- **Activity**
The first line of the entries is where the copy starts and the line with "本网讯(记者 刘磊)10月2" is where it ends; set down each line exactly, both ends included, and drop pictures.
__________
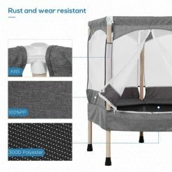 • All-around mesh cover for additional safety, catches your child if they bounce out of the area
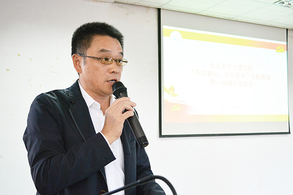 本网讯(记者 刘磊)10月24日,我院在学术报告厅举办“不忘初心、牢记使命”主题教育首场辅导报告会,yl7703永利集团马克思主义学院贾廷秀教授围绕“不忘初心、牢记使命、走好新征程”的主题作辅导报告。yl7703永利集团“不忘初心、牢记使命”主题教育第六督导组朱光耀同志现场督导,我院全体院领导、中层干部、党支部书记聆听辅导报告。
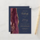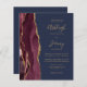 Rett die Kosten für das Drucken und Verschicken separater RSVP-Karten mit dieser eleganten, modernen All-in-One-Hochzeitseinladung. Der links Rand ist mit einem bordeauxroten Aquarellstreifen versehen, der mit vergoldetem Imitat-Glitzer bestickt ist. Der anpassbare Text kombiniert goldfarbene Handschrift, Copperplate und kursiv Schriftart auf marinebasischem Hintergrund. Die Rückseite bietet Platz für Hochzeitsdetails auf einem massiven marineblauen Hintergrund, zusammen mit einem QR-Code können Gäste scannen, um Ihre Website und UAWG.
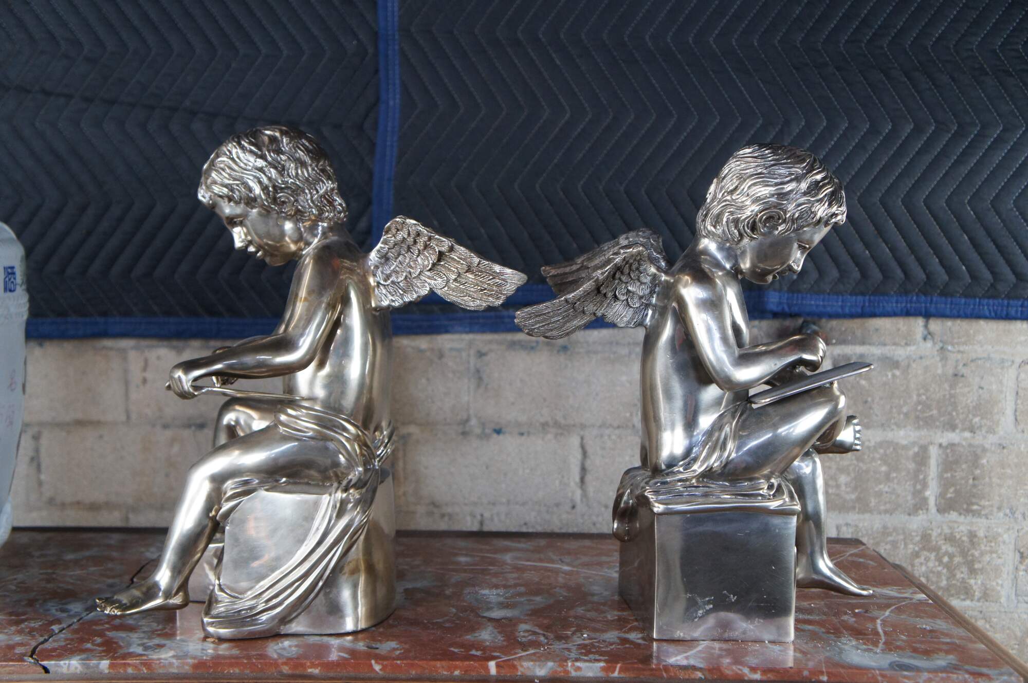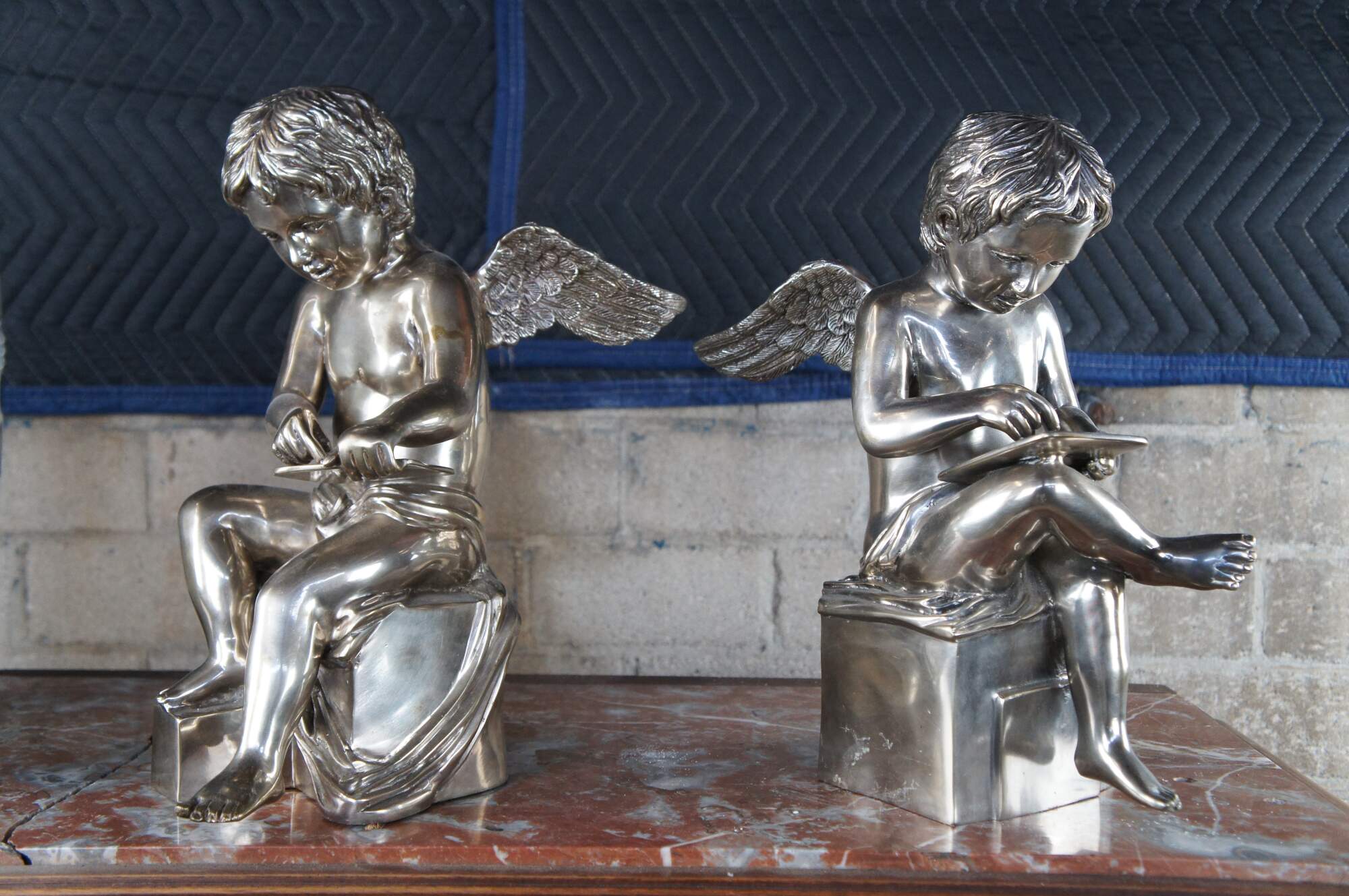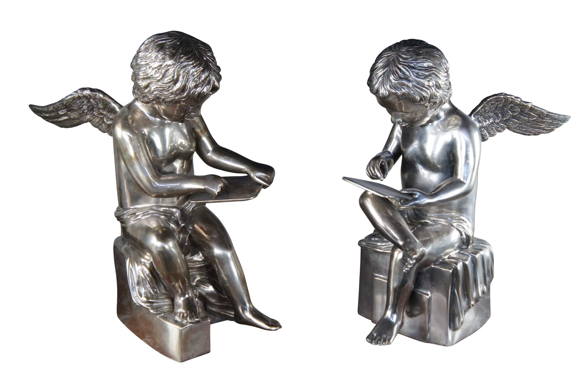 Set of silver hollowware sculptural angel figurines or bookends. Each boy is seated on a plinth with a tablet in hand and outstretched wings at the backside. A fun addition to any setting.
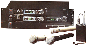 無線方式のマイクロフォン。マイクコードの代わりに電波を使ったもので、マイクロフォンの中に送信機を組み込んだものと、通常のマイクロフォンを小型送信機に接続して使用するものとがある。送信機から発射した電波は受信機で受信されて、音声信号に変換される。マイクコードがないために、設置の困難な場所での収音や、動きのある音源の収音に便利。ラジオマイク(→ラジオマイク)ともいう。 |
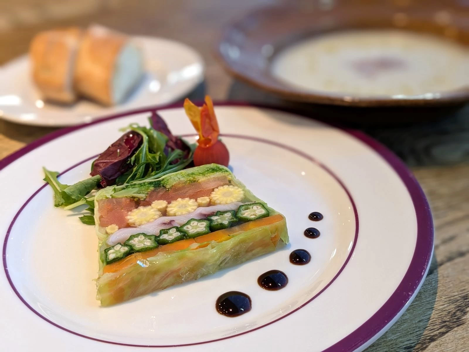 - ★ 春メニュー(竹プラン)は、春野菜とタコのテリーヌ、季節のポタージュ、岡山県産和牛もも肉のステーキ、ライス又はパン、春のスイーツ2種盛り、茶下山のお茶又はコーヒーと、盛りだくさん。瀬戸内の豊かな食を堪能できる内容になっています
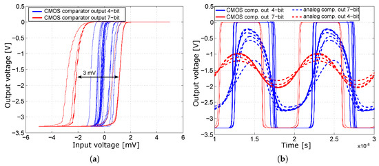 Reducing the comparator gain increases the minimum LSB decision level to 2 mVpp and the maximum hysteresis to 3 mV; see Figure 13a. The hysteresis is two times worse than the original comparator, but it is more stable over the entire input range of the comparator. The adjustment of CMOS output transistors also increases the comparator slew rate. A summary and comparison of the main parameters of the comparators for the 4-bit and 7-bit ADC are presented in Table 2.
__________
- **Response**
 • All-around mesh cover for additional safety, catches your child if they bounce out of the area
 本网讯(记者 刘磊)10月24日,我院在学术报告厅举办“不忘初心、牢记使命”主题教育首场辅导报告会,yl7703永利集团马克思主义学院贾廷秀教授围绕“不忘初心、牢记使命、走好新征程”的主题作辅导报告。yl7703永利集团“不忘初心、牢记使命”主题教育第六督导组朱光耀同志现场督导,我院全体院领导、中层干部、党支部书记聆听辅导报告。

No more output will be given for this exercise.